[Records drawn from a dataset]
↓

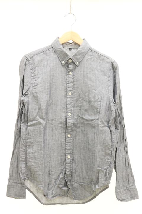 無印良品 ボタンダウン長袖シャツ無印良品 長袖シャツ M ライトグレー ストライプ メンズ 【中古】
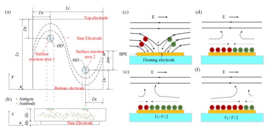 Above all, the electric field distribution can be adjusted by energizing the sinusoidal bipolar electrode with different voltages, further enabling efficient and flexible enhancement of heterogeneous immunoassays in a specific reaction area and contributing to the reasonable selection of the location of binding surface. This proposed device using coplanar the sinusoidal BPE electrodes has several advantages, such as low cost, being easy to fabricate, better controllability, and high efficiency, since other methods usually require laser [39], micromotor [28], or complicated 3D structure [7,40].
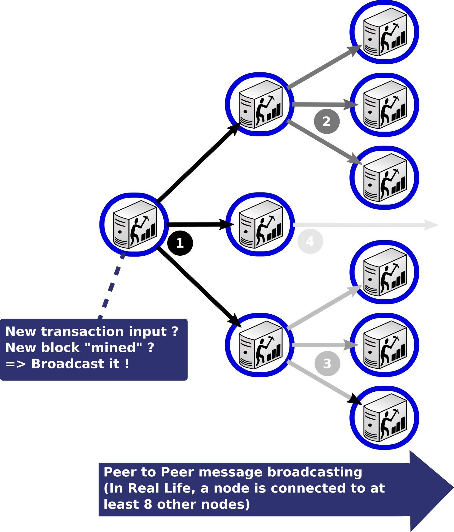 - The blockchain network is a peer-to-peer network of independent nodes communicating together by message broadcasting.
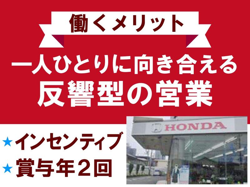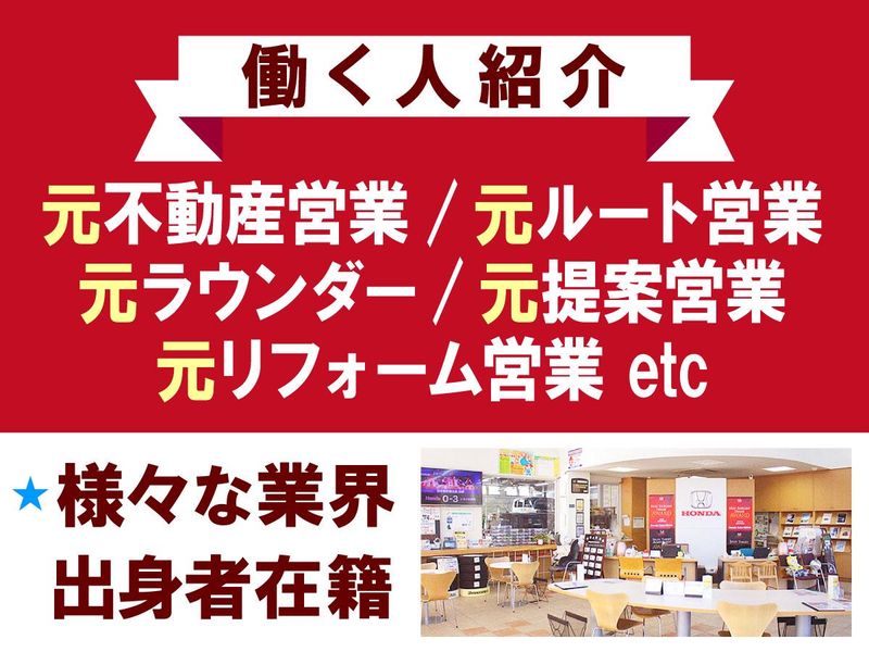 職種/仕事内容 | 仕事内容 ホンダカーズの正規ディーラーとして 1975年に設立して50年、 所沢の皆様に長年愛されてきました。 今回は、1人1人のお客様としっかり 向き合ってくださる営業職を募集いたします。 保険などの販売手続きや 購入後のアフターフォローまでを行う 営業の仕事です! 【具体的には】 新車を購入しにきたお客様にご案内をし、 お客様に合った車を販売するお仕事です。 また購入時のローンの説明、 車検の案内、各種保険などの 販売手続き、提案、 購入後のアフターフォローまでを 行う営業もして頂きます。 ご来店される方は もともと車へ興味のある方がほとんど。 販売後のアフターフォローは 新型車やモデルチェンジご案内の電話や DM送付、車輌コンディション維持の ためのメンテナンスの案内など 入社後はHonda Carsの業務フローに 慣れていただきますが、 商談・提案はこれまでの ご経験を活かして早期にお任せします。 お客様が希望する車輌のご案内はもちろん、 生活シチュエーションに合わせて どんな車やオプションがオススメか、 ローンの組み方をどうするかなど、 様々なご提案をします。 購入時の自動車保険や定期点検、 車検の手続きも行うのは自分。 また定期点検やメンテナンスに モデルチェンジの案内など アフターフォローも大切な仕事です。 そういった1つ1つの仕事がお客様の喜びに繋がり、 信頼関係を築いていけます。 反響営業だから準備をしてしっかり お話しできるのも魅力の1つ。 転勤もないのでお客様とは 長いお付き合いができます。 |
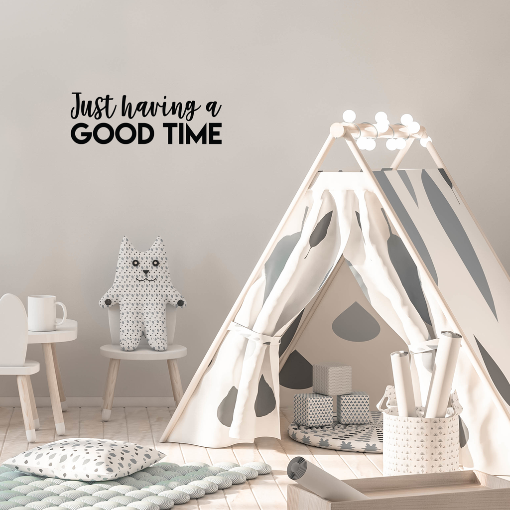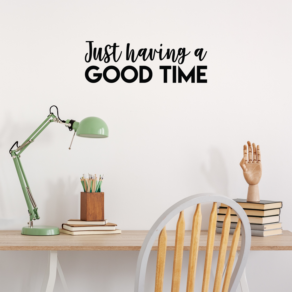 This awesome decal quote "Just Having A Good Time"; is the perfect touch for your home or apartment. Use it for your bedroom; kids room; home office or anywhere you want to bring some extra decoration. It's a vinyl sticker that is easy to put on any smooth and dry surface. Our modern designs don't just brighten up the room; but brighten up the day. Using top of the line vinyl across all of our production allows us to be the leaders in quality and design.
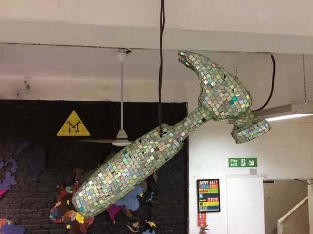 Me olvidé de tomar fotos del método de ahorcamiento, pero es fácil. Antes de empezar a pegar los cuadrados, hacer un agujero y poner un tubo de PVC lo pensado. Una vez que se hace se puede colgar para arriba por pasar una cadena a través del tubo.
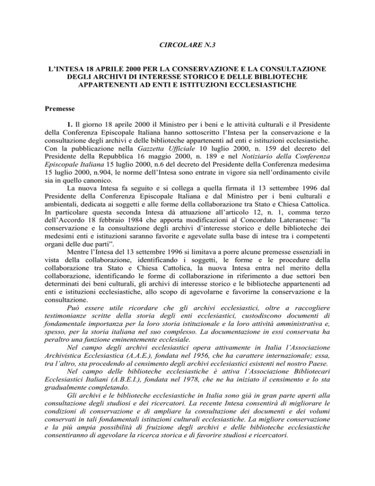 ecclesiastici, per il tramite delle Soprintendenze archivistiche, collaborazione tecnica e
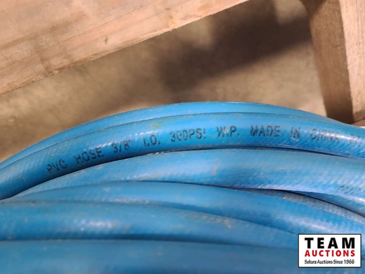 100' x 3/8" sir hose, bag of misc. ag parts, assorted belts and retractable air hose reel
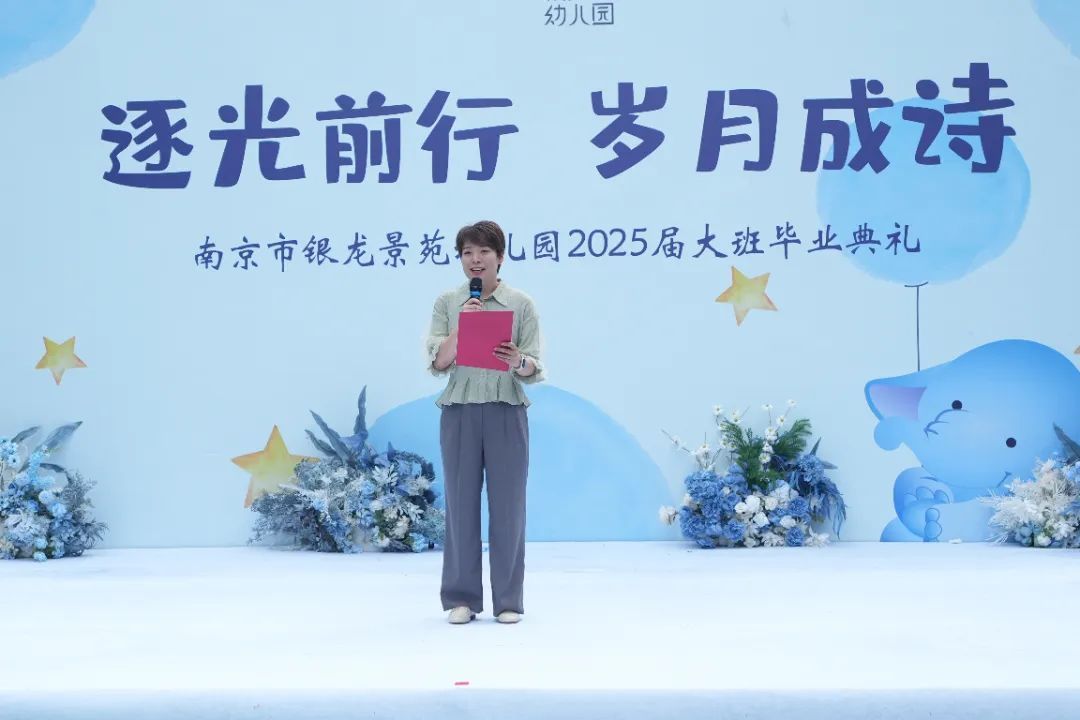 南京市银龙景苑幼儿园园长陈艳艳致辞饱含期许。她寄语孩子们背上成长行囊,拥有“好奇的眼睛”、“善良的温度”和“探索的勇气”奔赴下一段旅程。她的话语中既有 “未来或有风雨” 的坦诚,更有 “心中有梦想,脚下有力量” 的殷切期许,让现场家长与孩子在感动中汲取前行的力量。

↑

> Problem statement
From the first line through the line with "- The blockchain", output those lines of the entries above exactly, and nothing else, with the pictures left out.

> Finished exercise
 無印良品 ボタンダウン長袖シャツ無印良品 長袖シャツ M ライトグレー ストライプ メンズ 【中古】
 Above all, the electric field distribution can be adjusted by energizing the sinusoidal bipolar electrode with different voltages, further enabling efficient and flexible enhancement of heterogeneous immunoassays in a specific reaction area and contributing to the reasonable selection of the location of binding surface. This proposed device using coplanar the sinusoidal BPE electrodes has several advantages, such as low cost, being easy to fabricate, better controllability, and high efficiency, since other methods usually require laser [39], micromotor [28], or complicated 3D structure [7,40].
 - The blockchain network is a peer-to-peer network of independent nodes communicating together by message broadcasting.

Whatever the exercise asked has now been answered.